27Table 2. Comparison of Royseux to other late Viséan fossiliferous sites based on rugose corals diversity and statistics.
28The rarefaction curve (Fig. 8C) computed for corals is asymptotic showing that the sampling is representative of the diversity because a larger sample would not significantly increase the diversity. The same curve computed for brachiopods indicates that the sampling is not comprehensive and that higher diversity is expected in a larger sample. Moreover, the stratigraphic distribution differs for corals and brachiopods. Obviously, the corals are more abundant in the biostromes, but both groups are most diverse within the conglomeratic level, suggesting mixing (see next section).
29Figure 8. Diversity statistics. A: Proportions of rugose coral genera within the Royseux assemblage (based on 290 specimens in thin section) showing the co-dominance of colonial forms and solitary corals with an axial structure and the minor occurrence of undissepimented solitary corals. B: Proportions of brachiopod groups in the site, showing the dominance of the productidines, notably the gigantoproductines and associated forms. C: Rarefaction curves with 95% confidence-interval (grey areas) computed for corals and brachiopods showing that the sampling is far from complete for brachiopods but relatively comprehensive for corals. D: Frequency diagram of coral morpho-groups plotted against their diameter. Abbreviations: A.: Arachnolasma, B.: Bothrophyllum, C.: Caninophyllum, G.: Gangamophyllum.
30Coral occurrences in the six lithological units are summarized in Table 1. Figure 8 indicates the proportion of each genus in the sample and shows that colonial rugose corals and dissepimented solitary corals with axial structure account for c. 40% each, whereas non-columellate dissepimented solitary corals constitute less than 15%. The remaining 5% corresponds to Enniskillenia enniskilleni, the only undissepimented corals known in the Royseux section. The coral disparity is therefore rather low with few morpho-groups sizes which individually show little range of size (massive colonies with/without columella, fasciculate colonies with/without columella, dissepimented solitaries with/without axial structure, undissepimented solitaries).
31The high abundance of colonial and columellate solitary corals possibly reflects facies dominance as discussed below.
5. Comparison
5.1. Rugose coral fauna
32The Royseux coral assemblage has high biodiversity, one of the highest in the Viséan (see below). But potentially how high could the diversity be? The statistical data discussed in the previous section provide some insight. However, a comparison with other Late Viséan localities exhibiting ‘high diversity’ gives a different perspective.
33The Visé locality, time-equivalent of the sections at Royseux, is situated within the same biogeographic area as during the late Viséan and has reef facies with a very diverse fauna of brachiopods and molluscs (e.g. gastropods, bivalves, Demanet, 1958 and references within), but interestingly, the rugose and tabulate corals are not particularly diverse (36 species distributed among 23 genera after Poty, 1981). Nevertheless, the amount of described material is not very great, the locality is no longer accessible for additional sampling and is, in general, poorly known (Poty, 1981).

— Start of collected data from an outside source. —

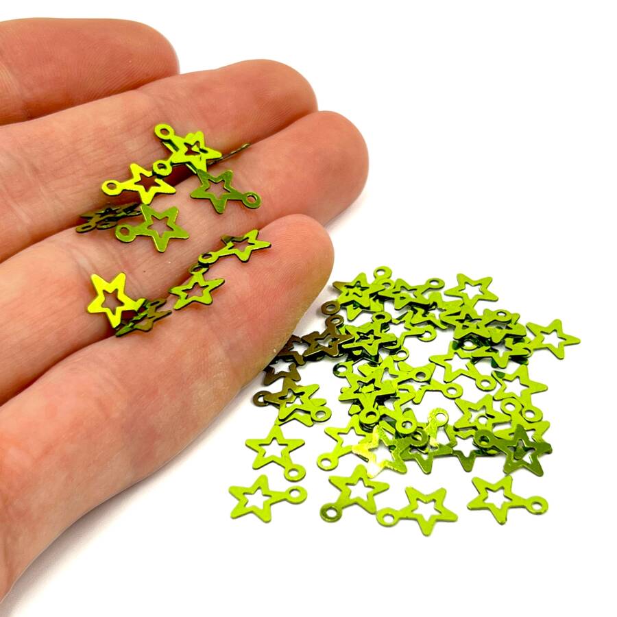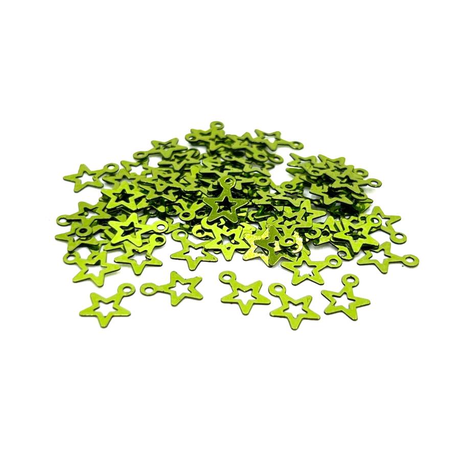 8x10 mm YILDIZ MODEL PLASTİK PUL PAYET, OYA PULU, NAKIŞ PULU, DÖKME PUL, AÇIK YEŞİL RENK
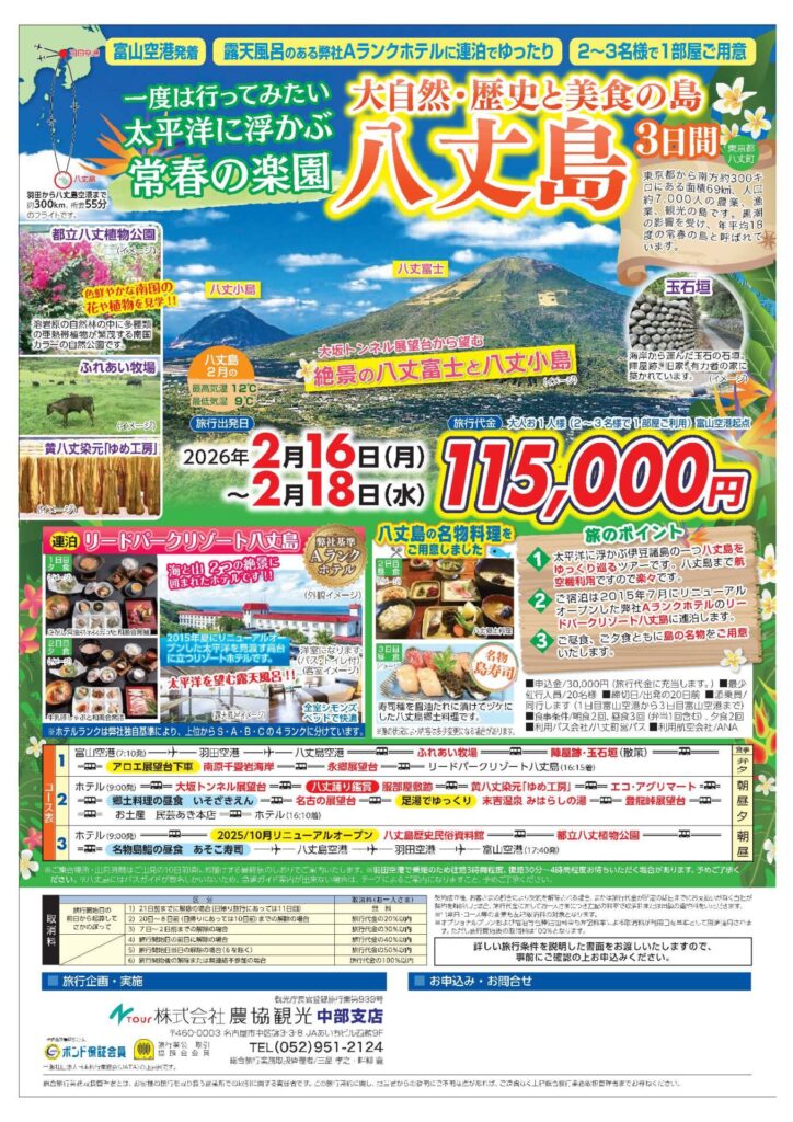 「大自然・歴史と美食の島 八丈島3日間♪」申込は令和8年1月28日(水)まで ※20名様以上のプランです
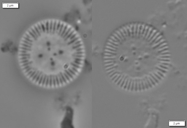 Kiezelwieren maken voor zichzelf doosjes van glas (kiezel) om in te leven. Voor uitwisseling met het water zitten er patronen van spleetjes en gaatjes in het doosje waar de soort aan herkend kan worden. Op deze foto is Pantocsekiella ocellata te zien. Voor het onderzoek is de alg chemisch uit het doosje verwijderd waardoor alleen dat ‘huisje’ nog maar overgebleven is.
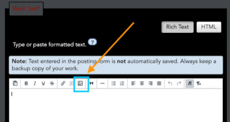 💫 1ST: you will want to make sure the posting box is in "rich text" mode to make things a little simpler. click the picture icon in the toolbar.
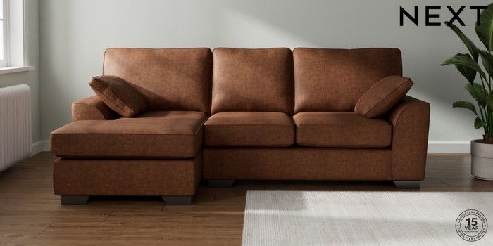 7.3.1 Buy Stamford Medium Sofa Chaise - Left Hand Monza Faux Leather Easy Clean Chestnut Brown Large Square Angle - Gunmetal from the Next UK online shop Click here to use our accessible website
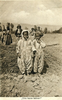 Die Vorderseite der Feldpostkarte zeigt einen Fotodruck einer Szene von zwei rauchenden Kindern vor einer Gruppe von Feldarbeitern. Die Bildunterschrift lautet "Uns kann keiner!". Auf der Rückseite befindet sich eine handschriftlich verfasste Nachricht von einem gewissen Vetter Franz an Fräulein Lisbeth Leonhardt in Landau (Pfalz). Der Feldpoststempel ist vom 6.9.1916. Verlag: Bahnhof- und Feldbuchhandelgesellschaft Berlin Im Historischen Museum der Pfalz war vom 29.4.2014 bis 24.9.2017 die Ausstellung "1914 - 1918. Die Pfalz im Ersten Weltkrieg" zu sehen. Auf einen öffentlichen Aufruf hin meldeten sich zahlreiche Privatpersonen, ihre Objekte wurden in dieser Sammlung erfasst und z. T. auch in der Ausstellung gezeigt. Die Objekte befinden sich im Eigentum der Privatpersonen und sind nicht Teil der Sammlungen des Historischen Museums der Pfalz.

34The c. 30m-thick section at Little Asby Scar (Asbian) in Northern England yields 14 coral species distributed among nine genera and time-equivalent Siphonodendron biostromes cropping out in various localities in Ireland have much lower diversity with only 14 species distributed among 11 genera, mostly dominated by colonial forms (Aretz et al., 2010).

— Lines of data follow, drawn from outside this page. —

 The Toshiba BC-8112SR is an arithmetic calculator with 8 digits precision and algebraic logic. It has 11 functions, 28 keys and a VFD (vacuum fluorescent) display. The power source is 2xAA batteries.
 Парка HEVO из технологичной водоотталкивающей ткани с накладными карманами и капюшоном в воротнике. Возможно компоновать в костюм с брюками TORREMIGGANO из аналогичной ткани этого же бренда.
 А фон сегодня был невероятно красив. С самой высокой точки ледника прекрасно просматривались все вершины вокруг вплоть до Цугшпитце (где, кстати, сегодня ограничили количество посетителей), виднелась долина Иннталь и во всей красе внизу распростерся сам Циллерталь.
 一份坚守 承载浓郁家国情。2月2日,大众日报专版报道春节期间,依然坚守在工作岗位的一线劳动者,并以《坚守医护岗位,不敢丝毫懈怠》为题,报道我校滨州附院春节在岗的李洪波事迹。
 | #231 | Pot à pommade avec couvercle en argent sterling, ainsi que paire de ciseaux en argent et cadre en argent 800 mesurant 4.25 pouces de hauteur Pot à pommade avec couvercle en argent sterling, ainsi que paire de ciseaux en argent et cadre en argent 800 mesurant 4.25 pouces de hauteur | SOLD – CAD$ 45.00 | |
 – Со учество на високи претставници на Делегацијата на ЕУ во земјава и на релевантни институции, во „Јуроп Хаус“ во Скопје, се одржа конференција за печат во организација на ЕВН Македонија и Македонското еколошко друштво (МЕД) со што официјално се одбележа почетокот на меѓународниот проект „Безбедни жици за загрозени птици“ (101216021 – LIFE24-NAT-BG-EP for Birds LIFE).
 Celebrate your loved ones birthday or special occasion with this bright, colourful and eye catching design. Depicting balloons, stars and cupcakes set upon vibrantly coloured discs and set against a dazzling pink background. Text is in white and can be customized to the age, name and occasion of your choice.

35The coral fauna of the late Viséan of Southern Spain (Guadatio area) was recently summarized by Rodríguez et al. (2016). These authors indicate 62 coral species distributed among 34 genera for the entire area (19 sections) and for the entire late Viséan. The richest section (El Collado) yielded 26 species distributed among 16 genera but corresponds to a time of accumulation of c. 5 Myr.
36The late Viséan Lion Creek microbial-coral reefs of the Rockhampton Group in Queensland (Eastern Australia) yields 26 coral species distributed among 12 genera, of which nine species are undissepimented solitary rugose corals known only from microbial habitats (Webb, 1990). This diversity represents material from several reefs and peri-reefal facies scattered over a wide area.

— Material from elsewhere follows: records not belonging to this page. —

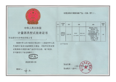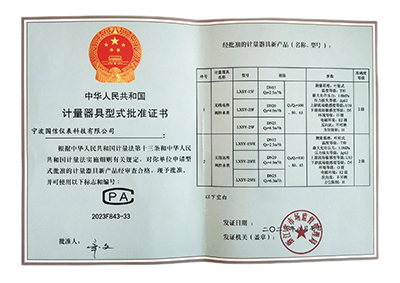 計量器(qi)具型式批準(zhǔn)證書
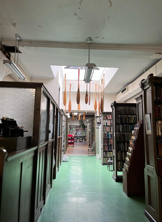 Passing through the library’s wooden doors, it’s hard not to share Marlowe’s fascination. Near the entrance sits a globe so old that Thailand is labeled “Siam.” Propped up on one of the shelves is a series of mounted insects, each painstakingly labeled behind a glass frame: a black swallowtail—Papilio polyxenes —or the green-clouded butterfly, Papilio troilus. Canoe paddles, hand-painted, hang from the ceiling. There are ancientlooking busts wearing surgical masks, an impressive vinyl collection, and posters boasting the subjects of some of the library’s most iconic evening workshops: Taxidermy, Theories in Time Travel, Ultimate Origami.
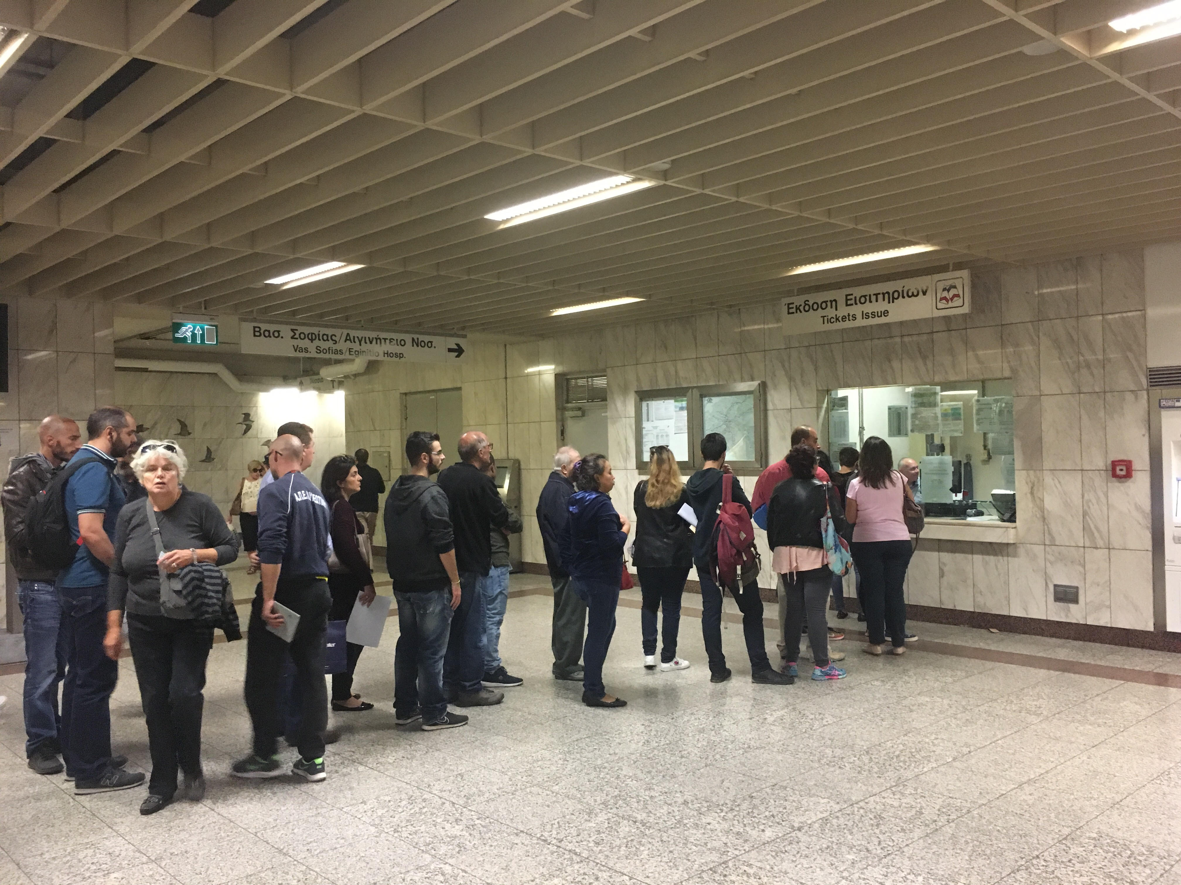 Αναμονή που ξεπερνά και την μια ώρα στους κεντρικούς σταθμούς μετρό της Αθήνας για την έκδοση του νέου ηλεκτρονικού εισιτηρίου. Πολίτες περιμένουν στις ουρές για να υποβάλουν την αίτηση τους για την «Athena Card» η οποία θα τεθεί σε εφαρμογή από την 1η Νοεμβρίου.

37Many localities in Morocco have yielded late Viséan rugose corals but only three of them are discussed here because of their high biodiversity. Rodríguez et al. (2012) indicated the occurrence of 36 coral species in 23 genera in according to the main text, but only 30 species in 20 genera are listed their table 1, from the three c. 50 m-thick Tiouinine sections, which include biohermal, peri-reefal and shaly facies of late Viséan age. Said et al. (2013) worked on the same material and listed only 26 species distributed among 23 genera (20 shown in the table) and 15 genera. Taking into account the larger variation in facies and the doubled thickness compared to Royseux, the Tiouinine locality is not so diverse, even considering the largest reported numbers, which need to be checked. Similarly, the Adarouch sections (Said et al., 2011) yielded 28 coral species (19 genera) from more than 150 m of section, including a wide spectrum of facies and ages (Viséan to Bashkirian). The Tabainout area yields 26 coral species (including six undissepimented solitary forms) in 19 genera (six undissepimented) from c. 100 m of section of various facies. In conclusion, the Moroccan localities owe their diversity to accumulation of taxa over longer time intervals that in fact dilute the diversity signals, which falsely increase because the larger variation in facies seems to enhance the diversity and disparity of corals.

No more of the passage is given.